Лейтенант Исэ кажется вполне живой и целой - она даже переживает за них, одних из самых сильных капитанов Готей, - видимых серьезных ран на ней нет, но и так понятно, что долго рядом с чудовищем она не продержится. Впрочем, как и кто-либо из них, слишком привыкших полагаться на собственную реяцу. Ее предостережение едва уловимо отзывается внутри - она напоминает ему о другой, немного похожей на нее, но это сейчас ни к чему. Тем более, когда Кьераку серьезно настроен остаться здесь один.

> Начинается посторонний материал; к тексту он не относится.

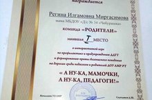 21 марта на базе МБДОУ №57 «Соловушка» прошла интерактивная игра по профилактике и предупреждению ДДТТ и формированию правил безопасного поведения на дорогах среди педагогов и родителей АМР РТ «А ну-ка мамочки, а ну-ка педагоги!» Наш детский сад представляла мама воспитанницы группы «Радуга» Регина Илгамовна Миргасимова. В упорной борьбе, пройдя шесть станций, выполнив все задания, и набрав наибольшее количество очков - 317 команда родителей победила, и заняла почетное призовое первое место.

- Кьераку-тайчо, - спокойно отвечает он, перехватывая взгляд капитана Восьмого отряда, - я знаю, что ваша честь требует поединка один на один с этим... "нечто", но, как я уже говорил, мое задание - доставить вас обратно в Сейрейтей. Поэтому я остаюсь. Ни ваш шикай, ни банкай здесь не помогут, как уже подтвердила лейтенант Исэ, значит, придется действовать грубой силой.
Он не любит такие бои, потому что с быстрым и маневренным противником, постоянно забирающим реяцу, это может затянуться и превратиться в некрасивое кровавое месиво, но это лишний повод испытать себя на прочность и скорость реакции. А еще это напоминает о так любимом капитаном Зараки стиле "бей со всей силы", и это заставляет его едва скривиться.

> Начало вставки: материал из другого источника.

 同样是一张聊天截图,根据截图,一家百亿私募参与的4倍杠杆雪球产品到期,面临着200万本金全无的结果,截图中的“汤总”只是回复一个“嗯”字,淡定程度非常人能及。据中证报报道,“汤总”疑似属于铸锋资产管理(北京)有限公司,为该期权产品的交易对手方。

- Представьте, что вы в Одиннадцатом отряде. Лишь на время.
"Нечто" кажется очень недовольным внезапной атакой Кьераку, пускай видимого вреда ему это не нанесло, зато теперь оно кажется рассерженным и сбитым с толку. Чужая сила его укрепляет, но все равно доставляет дискомфорт: оно мечется, когтистые лапы проезжаются по песку совсем близко, но теперь больше метят в Кьераку - зверя поманили куском мяса.

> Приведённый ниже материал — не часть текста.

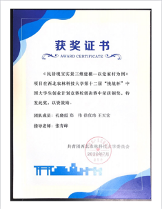 该项目首先以陕西省韩城市党家村为例进行了系统开发。《党家村实景三维建模》先后荣获2020全国三维数字化创新设计大赛校赛一等奖、陕西赛区老员工组(数字人居大赛)一等奖。

Это все упрощает. Бьякуя не забыл, как держать меч и как им управлять, что бы там не думал Зараки Кенпачи, а обезвредить зазевавшегося противника - и вовсе детские игры. Поэтому он просто шагает в шунпо и бросается вперед, уходя от быстрых когтей, тут же занося меч для удара.
Поделиться152019-02-09 04:47:41
Реяцу – чуждая, обволакивающая, неизбежно тянущая к себе. Разгадать, понять, определить, кому – или чему принадлежит. Под черными небесами Пустого Мира привычно сознавать, что обитают здесь только Пустые, и инстинкт шинигами твердит одно, а глаза и ощущения возражают – «нет». Незачем искать тут маску, первое уязвимое место Пустого, у этой твари ее нет и не было. Вся она – словно полное отрицание всего, что капитан Кьёраку знал и узнал за свою долгую жизнь. «Неужели я раньше с таким не сталкивался?» - он терпелив. Он изощрен в терпении больше, чем кто-либо может себе представить, даже милая Нанао-тян, которая изучила своего капитана и родственника, как ей кажется, предельно хорошо.
Нет, он ищет. Вслушивается в себя, в отголоски прежнего, в собственную память, в память оханы, которая рассекает летящую на него чёрную плоть которая не плоть, и гневается. Охана оскорблена. Это создание смеет играть не по правилам!..
«О, любовь моя, оно вообще мало подходит под наши правила», - и тихим звоном, словно перешептыванием тончайшей металлической бахромы в заколке-кандзаси, вынутой из женских волос, отдается в Кьёраку понимание. И воспоминание.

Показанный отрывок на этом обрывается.